Substitute the values:
(y - 1) = (-5/6)(x - (-4))
Simplify:
(y - 1) = (-5/6)(x + 4)
(y - 1) = (-5/6)x - 20/6
(y - 1) = (-5/6)x - 10/3
Multiply both sides by 6 to get rid of the fractions:
6(y - 1) = -5x - 20/3
6y - 6 = -5x - 20/3
6y = -5x + 20/3 - 6
6y = -5x - 2/3
Divide both sides by 6:
y = (-5/6)x - 1/3
The equation of the line passing through (-4, 1) with a perpendicular slope is now in slope-intercept form.
Step 5: Solve the system of equations. We need to find the point of intersection between the two lines: the original line (-6x + 5y - 1 = 0) and the line passing through (-4, 1) with the perpendicular slope (-5/6).

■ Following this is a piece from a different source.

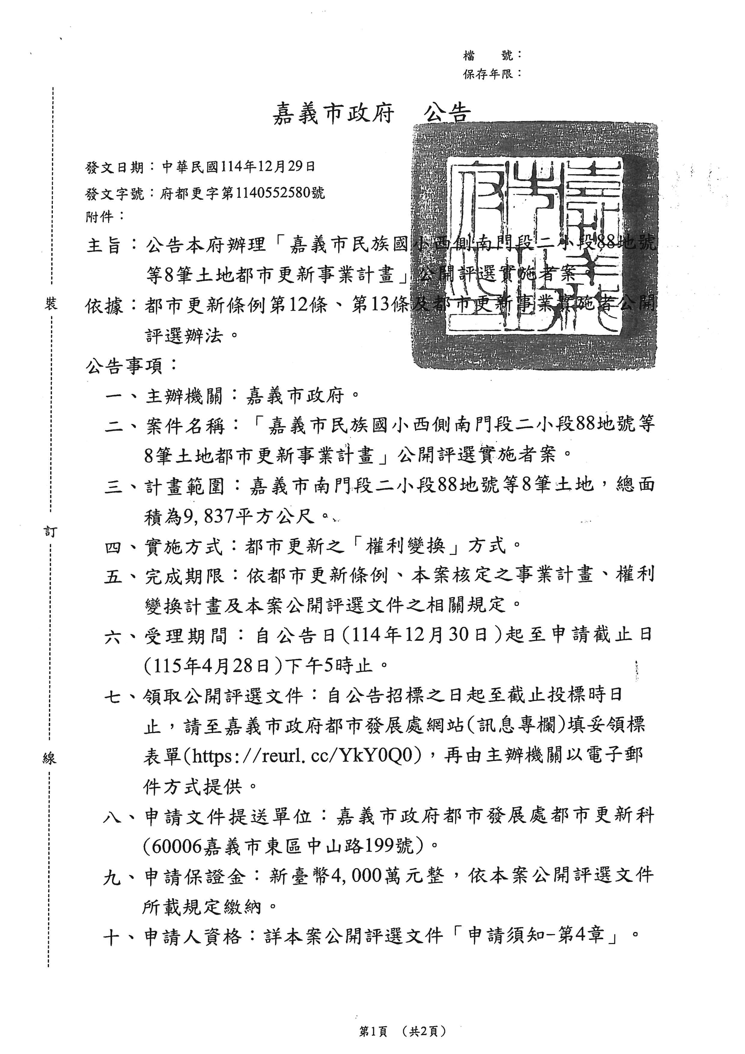 轉知嘉義市政府檢送「嘉義市民族國小西側南門段二小段88地號等8筆土地都市更新事業計畫公開評選實施者案」公告文
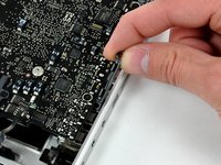 Grab the plastic pull tab secured to the display data cable lock and rotate it toward the DC-in side of the computer.

Setting the two equations equal to each other and solving for x:
(6/5)x + 1/5 = (-5/6)x - 1/3
Multiply both sides by 30 to get rid of the fractions:
6(6x) + 6(1) = 5(-5x) - 5(1)
36x + 6 = -25x - 5
Add 25x to both sides and add 6 to both sides:
61x + 6 = -5
61x = -5 - 6
61x = -11
Divide both sides by 61:
x = -11/61
Substitute the value of x back into either equation to solve for y:
y = (-5/6)x - 1/3
y = (-5/6)(-11/61) - 1/3
y = 55/366 - 122/366
y = -67/366
Step 6: Calculate the point on the line closest to (-4, 1). The point will have coordinates (x, y), where x = -11/61 and y = -67/366.
Therefore, the point on the line -6x + 5y - 1 = 0 closest to the point (-4, 1) is approximately (-11/61, -67/366).